● Work instruction:
Word-for-word transcription: reproduce all of the data, but not the pictures.

● Collected material:
Content starts

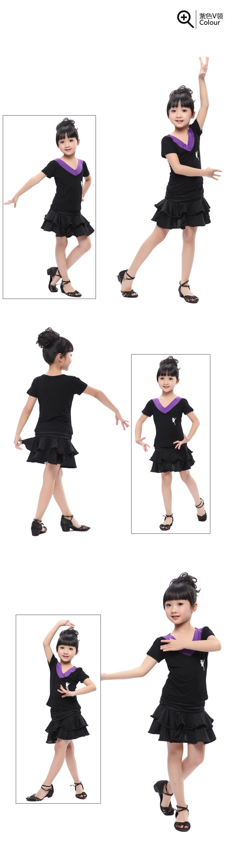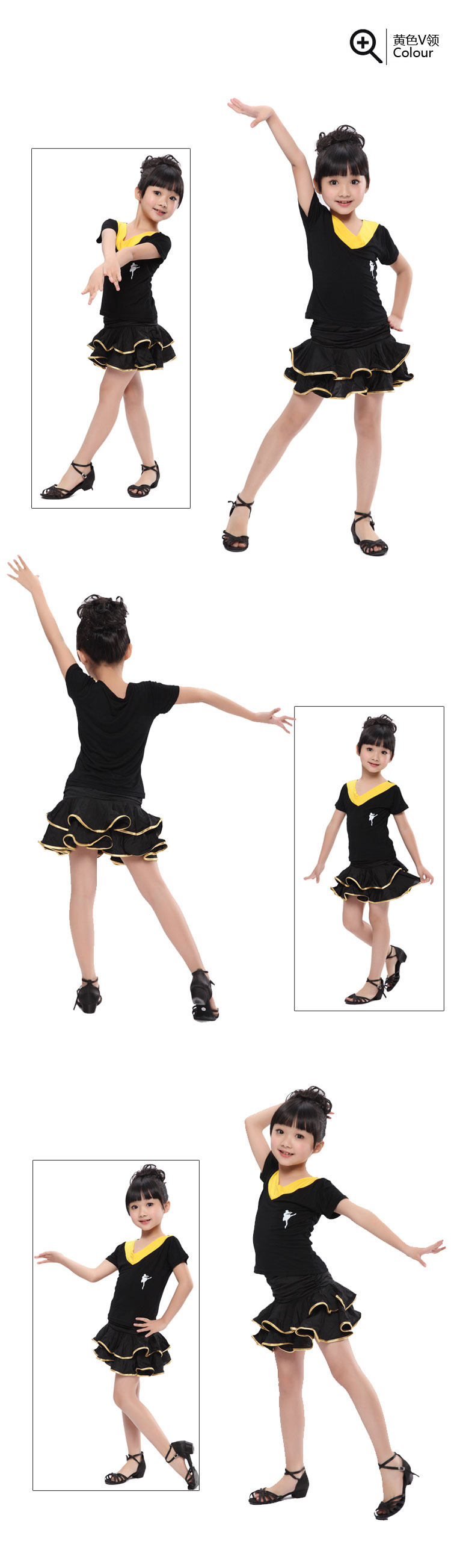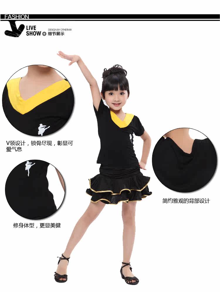 Детская латиноамериканская танцевальная одежда Flash Switzer Girl Short -Sleeved Top Saukry Series Children's Plaza Dance Новые модели
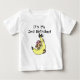Um macaco-menina de uma banana amarela grande em T-shirts de segundo aniversário, fatos-chave, cartas, autocolantes, ímanes, sacos de tote e muito mais.
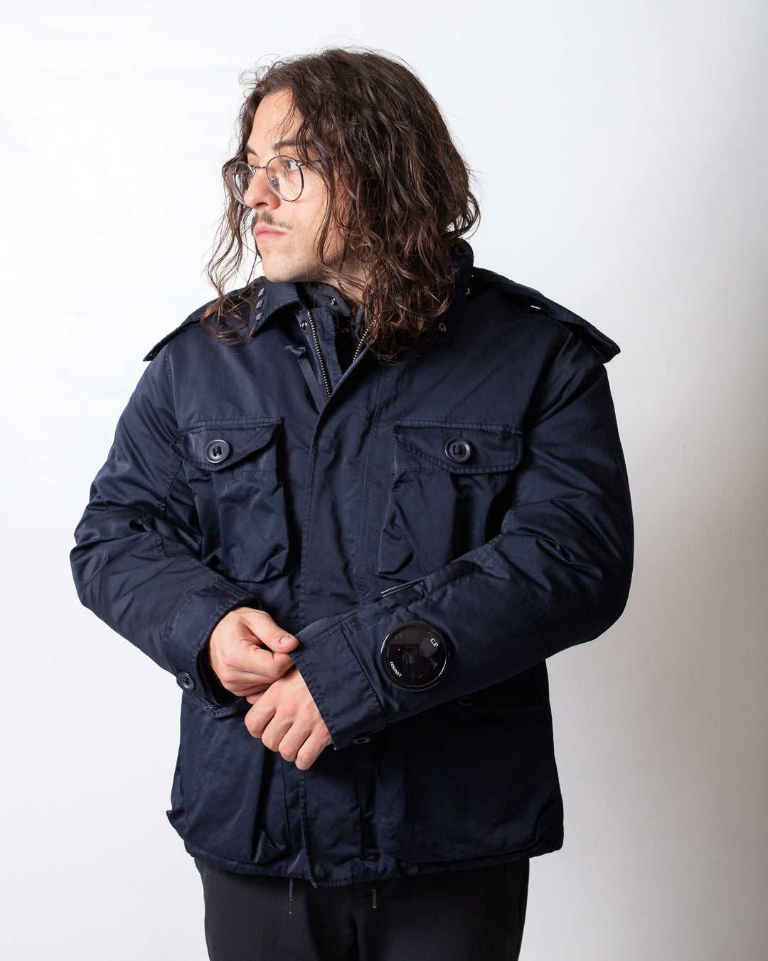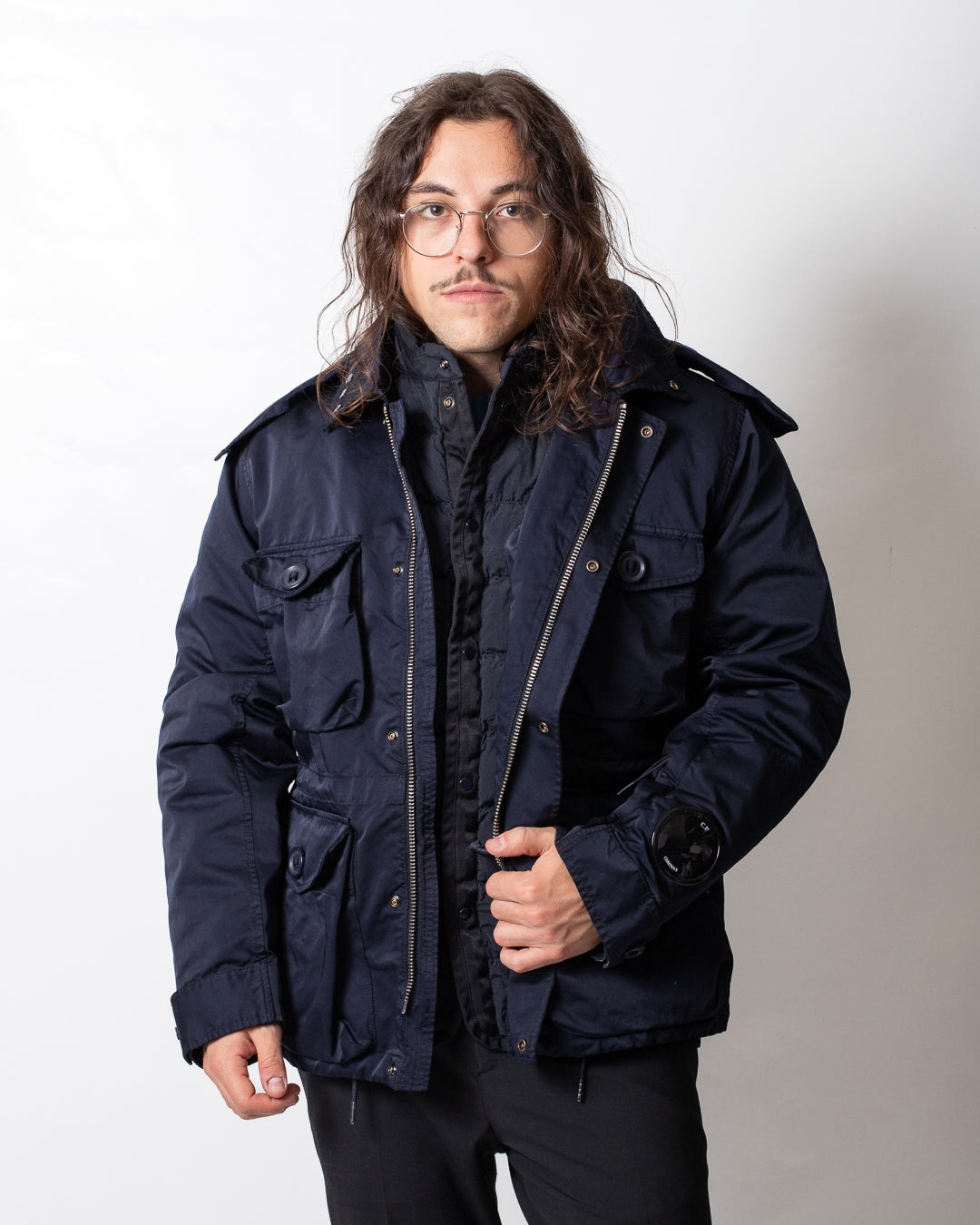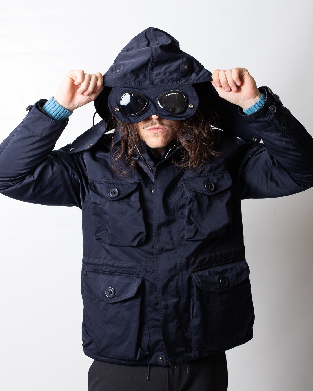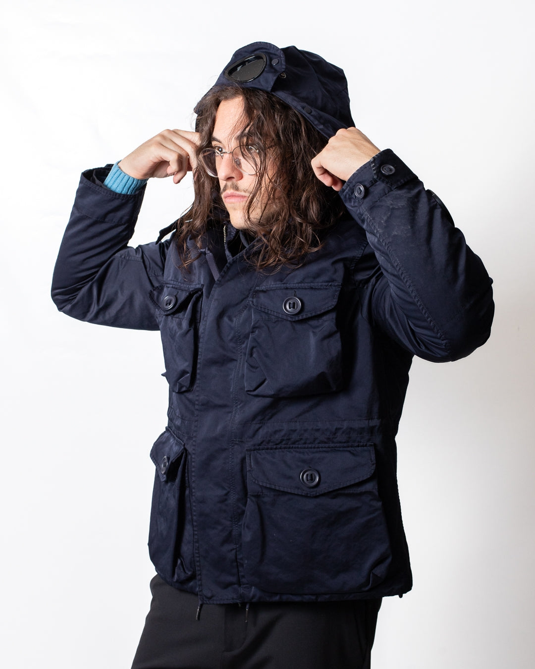 Giubbotto C.P. Company blu, unica variante. Design doppio tessuto, cappuccio con coulisse di regolazione removibile, lenti logate applicate sul cappuccio, bottoni sul colletto, chiusura frontale con zip e bottoni, maniche lunghe, tasche frontali con bottoni, bottoni sui polsini, coulisse di regolazione sul fondo e internamente, tasca con zip sulla manica e lente logata applicata sulla tasca.

Content ends

● Response area:
 Детская латиноамериканская танцевальная одежда Flash Switzer Girl Short -Sleeved Top Saukry Series Children's Plaza Dance Новые модели
Um macaco-menina de uma banana amarela grande em T-shirts de segundo aniversário, fatos-chave, cartas, autocolantes, ímanes, sacos de tote e muito mais.
 Giubbotto C.P. Company blu, unica variante. Design doppio tessuto, cappuccio con coulisse di regolazione removibile, lenti logate applicate sul cappuccio, bottoni sul colletto, chiusura frontale con zip e bottoni, maniche lunghe, tasche frontali con bottoni, bottoni sui polsini, coulisse di regolazione sul fondo e internamente, tasca con zip sulla manica e lente logata applicata sulla tasca.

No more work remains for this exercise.